The results of LES can be used to obtain an initial Hessian matrix for transition state optimizations involving large molecules, where calculation of the full Hessian is too expensive. Note, that LES calculations for statpt, in addition to the $les keyword require the following keywords to be added manually in the control file:

   $h0hessian  
   $nomw

The default Hessian update for minimization is bfgs, which is likely to remain positive definite. The powell update is the default for transition state optimizations, since the Hessian can develop a negative curvature as the search progresses.

5.2.3 Finding Minima

Simply specify the $statpt keyword in the control file and run jobex as explained above. You can very often speedup the optimization by calculating the initial Hessian matrix using uff.

5.2.4 Finding transition states

Locating minima on a PES is straightforward. In contrast, transition state optimization requires much more input. The diagonal guess Hessian will almost never work, so you must provide a computed one. The Hessian should be computed at your best guess as to what the TS should be.

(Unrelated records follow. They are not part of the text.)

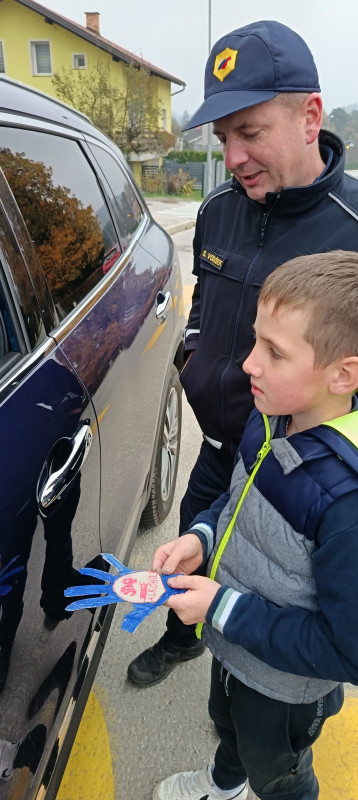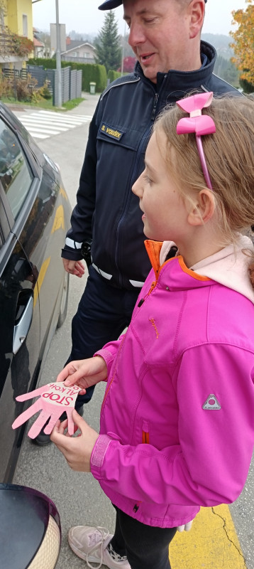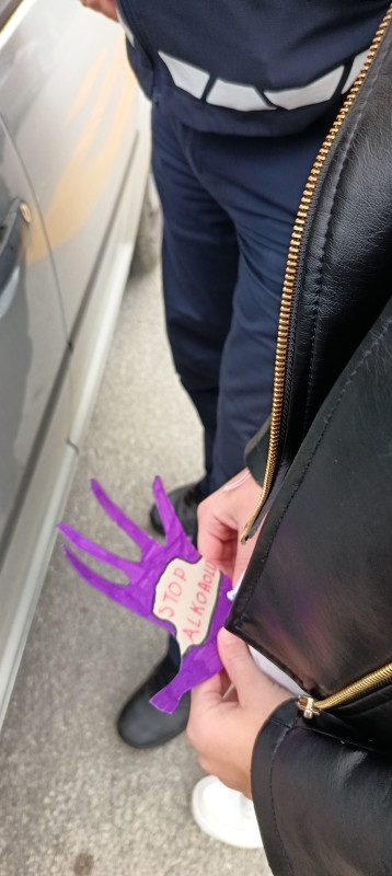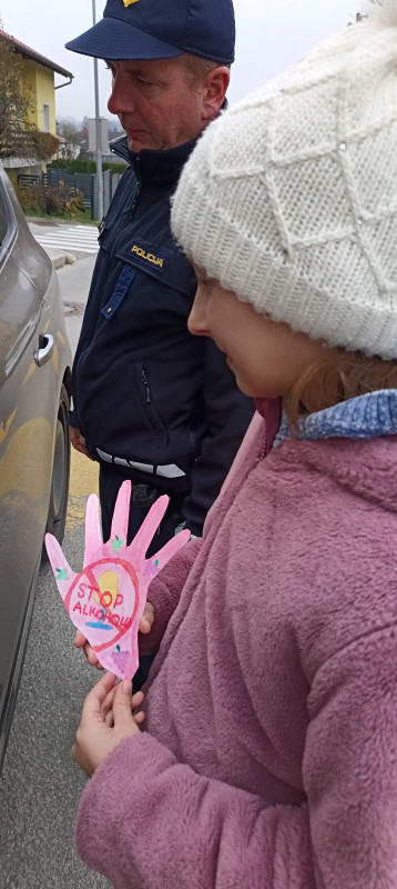 Učenci OPB smo se pridružili akciji STOP ALKOHOLU, ki ga že nekaj let organizira NIJZ. V šoli smo se pogovarjali o učinkih alkohola na možgane in o delovanju telesa pod vplivom alkohola. Ob pogovoru smo našli tudi veliko možnosti, kako se po pitju alkohola izogniti vožnji z avtomobilom. Izdelali smo papirnate dlani, ki smo jih okrasili s slikami. Drugo stran dlani pa smo opremili z napisom STOP ALKOHOLU. Za pomoč pri izvedbi akcije smo zaprosili policiste šentjurske policijske postaje. Policista sta ustavljala mimovozeče avtomobile, učenci pa smo jim predali papirnate dlani z opozorilom. Za praktično izvedbo sta v veliki meri zaslužna policista M. Fuchs in S. Vodušek, za kar se jima učenci in učiteljice iskreno zahvaljujemo.
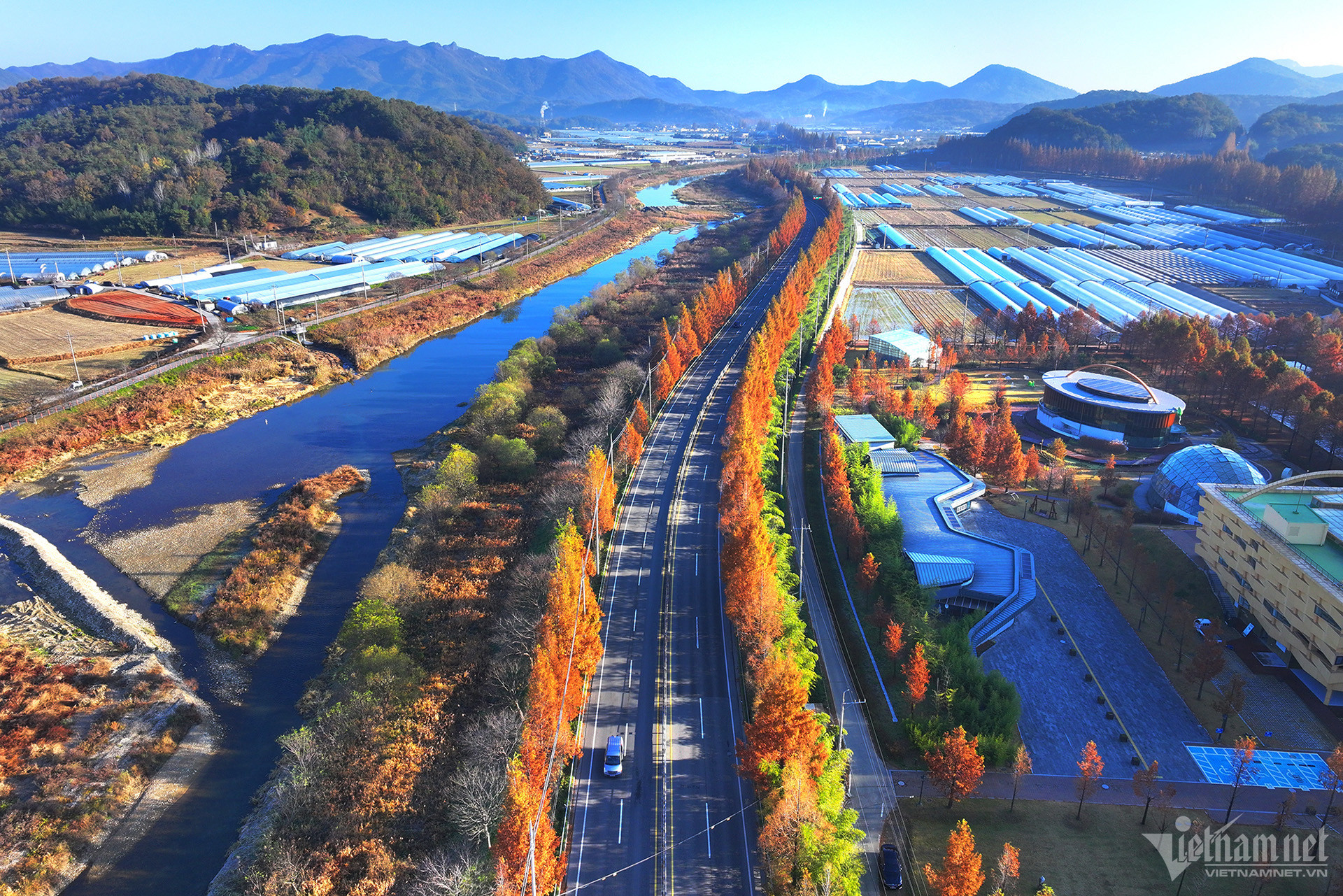 Một trong những địa danh nổi tiếng không thể không nhắc đến mỗi khi Hàn Quốc vào thu là con đường hàng cây thủy sam già thẳng tắp được trồng từ những năm 1970. Tháng 11, cả khu vực này được nhuộm các màu vàng, cam, đỏ rực, đẹp lãng mạn, thu hút rất nhiều du khách và người dân tới dạo chơi.
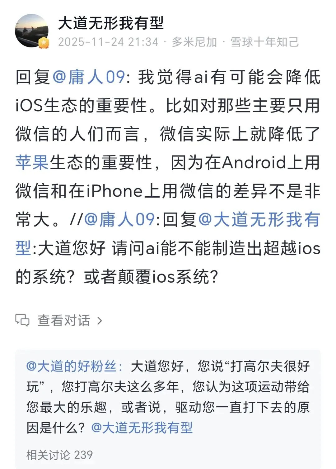 段永平:我觉得ai有可能会降低iOS生态的重要性。因为微信就降低了iOS的重要性。
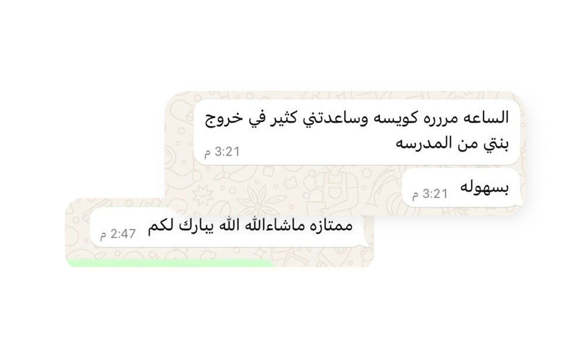 كلنا مرينا بنفس الموقف: توقف السيارة عند المدرسة، الشمس لافحة، والزحمة تخنق، وتبدأ تنادي بكل قوتك: “يلا يا نورة.. أسرعي يا سارة!”، لكن ما في تجاوب. يا تنزل بنفسك، يا تنتظر وتتعذب. مع “ساعة ناديني”، ودّع هالمواقف للأبد!
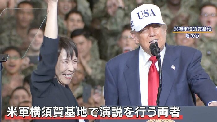 横須賀基地に到着したトランプ氏は、集まった兵士たちに高市氏をこう紹介しました。
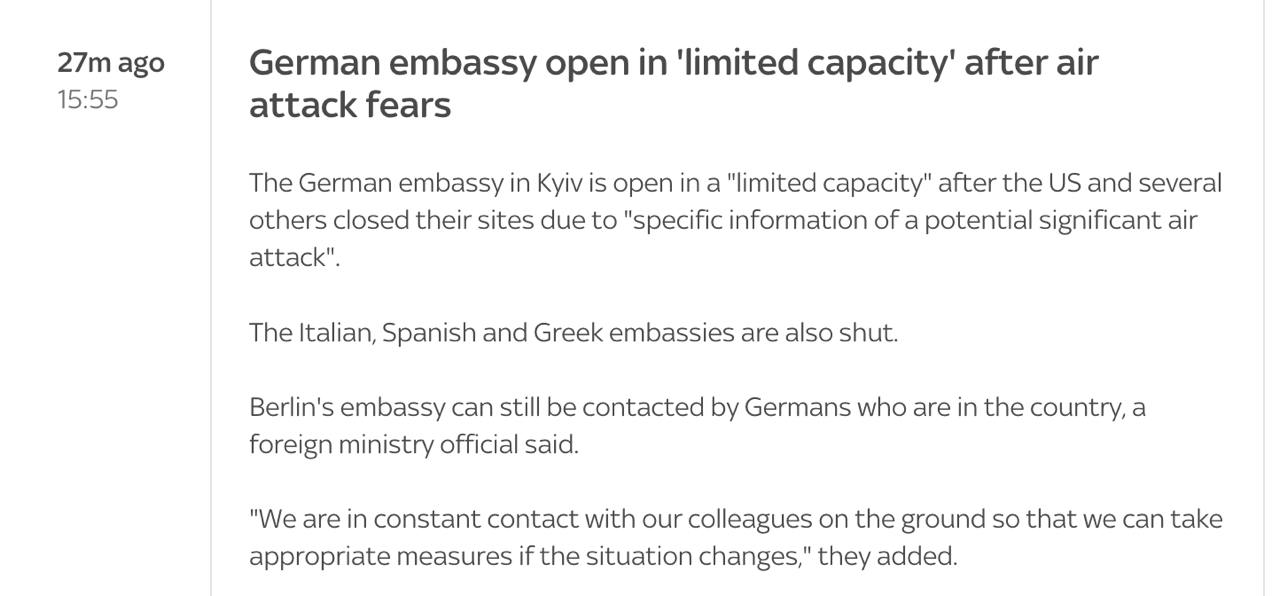 А посольство Німеччини у Києві відкрилося в "обмеженому режимі" через побоювання авіаударів, про що повідомляє Sky News.
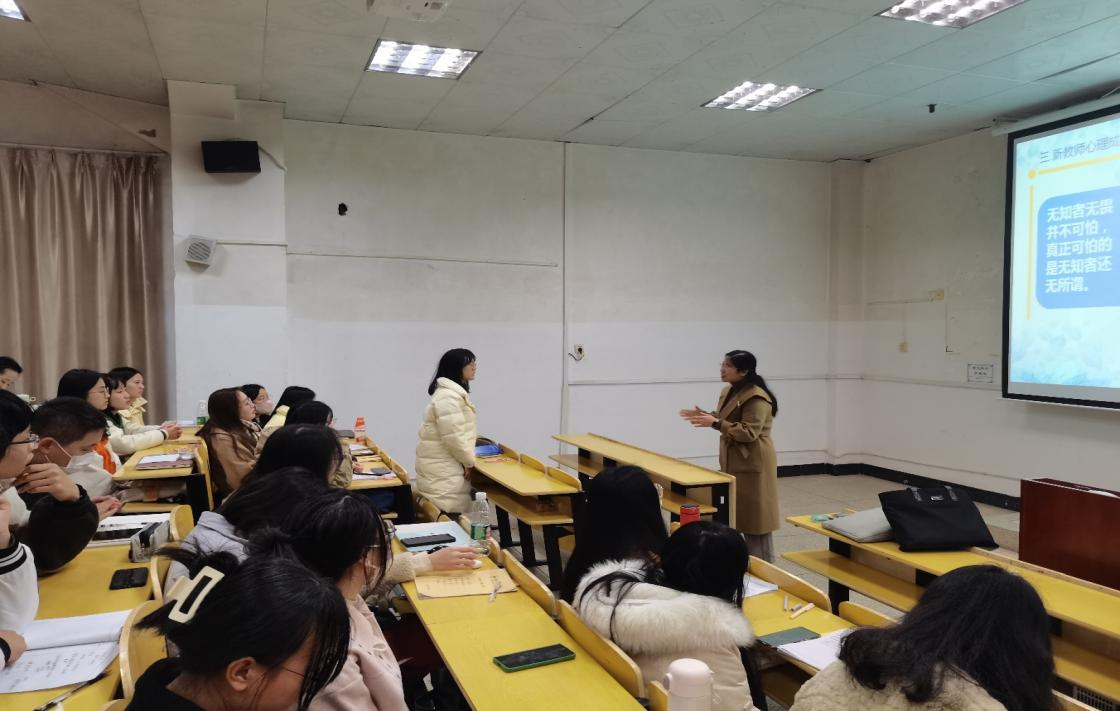 讲座上,陈春林老师首先向同学们介绍了白鹭洲中学的办学历史、文化底蕴、办学理念、办学现状、办学特色等情况。紧接着,她结合自身的求学经历与参加工作后成长为一名优秀教师的发展历程,详细阐述了她是如何从一名师范生到一名合格教师再到一名优秀教师蜕变历程,强调了这样一种变化源于对教学的热爱,对专业的执着,对学生满怀的关心关爱。与此同时,她还用大量案例分享了成为一名人民教师所拥有的幸福感、获得感与自豪感,极大地增强了同学们对教师职业认同,深化了同学们的教育情怀。最后,陈春林老师从教师职业态度、教学基本规范要求、对化学教学有效性探索、新教师的心理成长等四个方面向同学们详细阐述了作为一名一线教师应如何对待教学工作,如何做好教学准备工作,如何实施教学工作及如何开展有效教学与教研工作,为同学们接下来的实习工作做了非常精确、专业和有效的指导。

The real trick here is to find a good guess for the transition state structure. The closer you are, the better. It is often difficult to guess these structures. One way to obtain a good guess is to built an approximate TS and to perform a constrained minimization by freezing internal coordinates that change most during the reaction. Alternatively, you can generate several structures intermediate to reactants and products, and compute the energy at each point. The maximum energy structure is usually a good guess for the true TS.

After obtaining a reasonable initial guess for the TS structure you have to perform a vibrational analysis (or LES calculation for a large molecule) and to identify the index of the transition vector to follow during the optimization. Ideally, this is a vector with a negative eigenvalue, or "imaginary" frequency. The best way to find the right vector is to use some graphical interface to visualize vibrations. For a reasonable guess structure there should be one vibration that resembles the reaction under study. Remember that statpt uses a different ordering of eigenvalues as compared to the aoforce output—six (five) zero eigenvalues are shifted to the end.

There is an important thing to remember at this point. Even such sophisticated optimization methods like TRIM will not replace your own chemical intuition about where transition states may be located. If you need to restart your run, do so with the coordinates which have the smallest RMS gradient. Note that the energy does not have necessarily to decrease in a transition state search (as opposed to minimizations). It is sometimes necessary to do restart several times (including a recomputation of the Hessian) before the saddle point can be located.

Assuming you do find the TS, it is always a good idea to recompute the Hessian at this structure. It is fairly common, especially when using symmetry, that at your “TS” there is a second imaginary frequency. This means that you have not found the correct TS. The proper procedure is to distort the structure along the “extra” imaginary normal mode using the tool screwer (see Section 1.5). Very often such a distortion requires also lowering the point group symmetry. The distortion must be large enough, otherwise the next run will come back to the invalid structure.